* TASK DESCRIPTION: For the entries below, report every line that includes the word "façade".
INFORMATION SUPPLIED below:
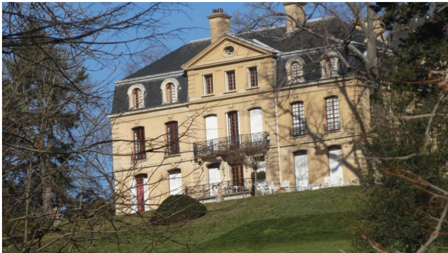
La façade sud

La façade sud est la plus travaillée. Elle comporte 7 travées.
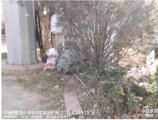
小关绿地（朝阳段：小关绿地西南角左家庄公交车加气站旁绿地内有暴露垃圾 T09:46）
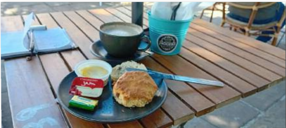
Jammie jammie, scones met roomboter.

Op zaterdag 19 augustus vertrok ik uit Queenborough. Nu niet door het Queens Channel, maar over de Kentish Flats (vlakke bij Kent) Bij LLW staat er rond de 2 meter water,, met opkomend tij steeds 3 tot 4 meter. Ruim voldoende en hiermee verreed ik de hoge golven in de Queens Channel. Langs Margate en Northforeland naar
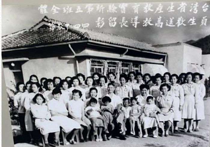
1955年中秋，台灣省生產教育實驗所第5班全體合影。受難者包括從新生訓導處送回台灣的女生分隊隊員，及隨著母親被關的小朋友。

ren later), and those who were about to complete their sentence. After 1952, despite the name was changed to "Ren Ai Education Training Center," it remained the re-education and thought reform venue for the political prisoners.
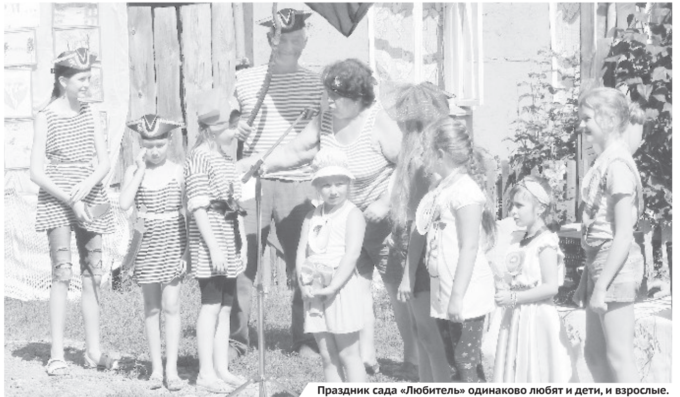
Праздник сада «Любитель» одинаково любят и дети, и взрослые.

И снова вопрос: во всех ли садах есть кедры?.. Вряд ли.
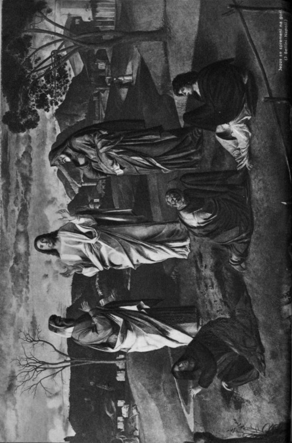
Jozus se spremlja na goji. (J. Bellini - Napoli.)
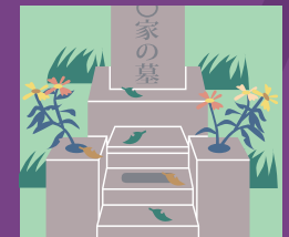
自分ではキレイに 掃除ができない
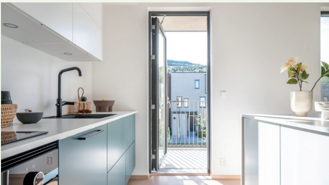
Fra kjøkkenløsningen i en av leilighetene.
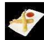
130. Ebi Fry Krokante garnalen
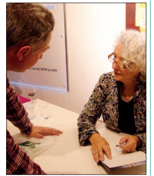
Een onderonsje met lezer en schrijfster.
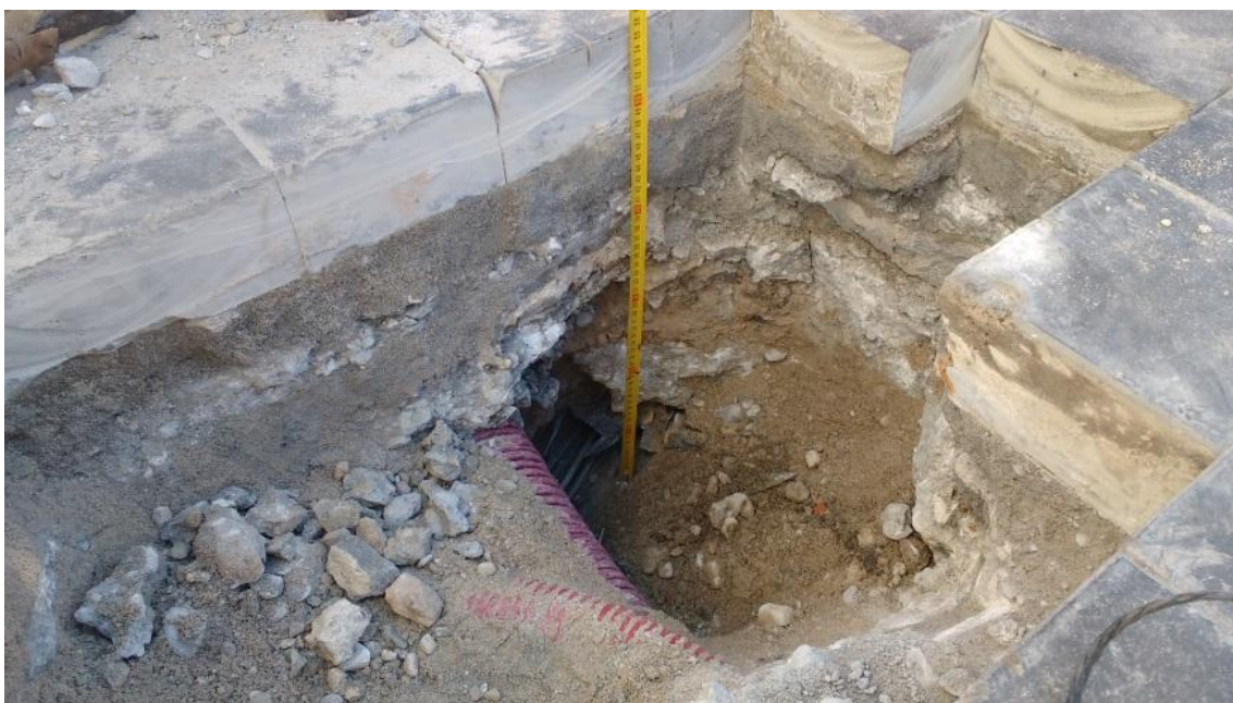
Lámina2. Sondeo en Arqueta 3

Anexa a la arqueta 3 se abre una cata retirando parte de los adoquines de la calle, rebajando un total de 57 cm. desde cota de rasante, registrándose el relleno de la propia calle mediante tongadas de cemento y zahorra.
End of INFORMATION SUPPLIED.
* OUTPUT OF THE EXERCISE:
La façade sud
La façade sud est la plus travaillée. Elle comporte 7 travées.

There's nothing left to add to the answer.